In Withers, “HIM” finds a star more than capable of holding a just-fine movie on his rippling shoulders, making it look better by association. He’s a joy to watch, charming and appropriately intense when the material calls for it, without being over-the-top. Wayans is an admirable opposite, turning in a performance that’s restrained until Isaiah’s facade drops, letting Wayans pepper some “Scary Movie” daffiness into the role that comes in handy when the script starts to fall apart.

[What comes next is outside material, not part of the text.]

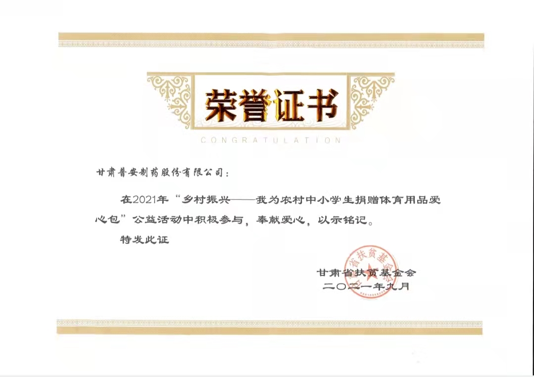 甘肅藥業(yè)集團普安制藥(以下簡稱:普安制藥)自成立以來,一直大力弘揚“普惠眾生、安康萬家”的企業(yè)理念,本著建設(shè)一流制藥企業(yè)、提供一流產(chǎn)品服務(wù)的目標,堅持黨領(lǐng)導企業(yè),堅持創(chuàng)新發(fā)展,穩(wěn)健經(jīng)營。在企業(yè)發(fā)展的同時更是懷有對國家、對民族、對社會的責任和擔當,將“回報于社會”作為一項重要內(nèi)容。

But as macabre as it can be, watching something go off the rails can be entertaining, too. If football fans can rubberneck at a player injured on the field, so can moviegoers who are looking for little other than old ideas with a stylish new spin. In a way, “HIM” is a crafty antidote to the era of quote-unquote prestige horror we’ve been steeped in, some of which the film’s co-producer Jordan Peele — who did not direct this movie, in case you neglected to read all of those billboards carefully enough — is responsible for. As great a film as “Get Out” is, that movie helped push the genre to a new echelon where every satire-tinged horror must be “smart,” and every film Peele produces under his Monkeypaw Productions banner is expected to be at the level of its founder’s work. Not so! But what the screenplay lacks in depth, the film makes up for in visual pageantry, packing just enough style to rise above a truly curdled genre offering. One might even argue that “HIM” effectively mirrors the all-style-no-substance sport it’s lampooning. Someone may call that a coincidence, but I’d say coincidence is unlikely in a film where achieving GOAT status means you’ll become a Baphomet-like Satanic goat deity.
As much as “HIM” is a very unserious movie, it does manage to take stock of one significant question that many in the sports world are too chicken to probe: Is any of this sacrifice really worth it? The demand for constant perfection and precision — and the wreckage the human body must endure to attain such excellence — in professional sports is entirely outrageous and unrealistic. The industry swallows people whole, promises them fame and fortune and adoring fans following them their whole lives, but does little to prepare them for life after retirement. Put on a poorly tailored suit and spit commentary on ESPN, sell workout apparel and underwear, or hawk rental cars in advertisements that make no sense; the options are limited, and they are bleak. Like many cults, all the devoted followers need to move on is a new chosen one to worship. Quickly and oh so quietly, that GOAT status is as much a thing of the past as the light behind a player’s eyes after spending the prime of their physical health entrenched in psychological and corporeal hell. “HIM” may be hokey, sure, but no more so than putting a cup in your jockstrap to sprint full-speed into someone’s skull just for the mere chance that somebody somewhere might idolize you. Running onto the field takes faith, but that doesn’t make football a religion. Those low, low prices on Hertz rentals, on the other hand — that’s divinity!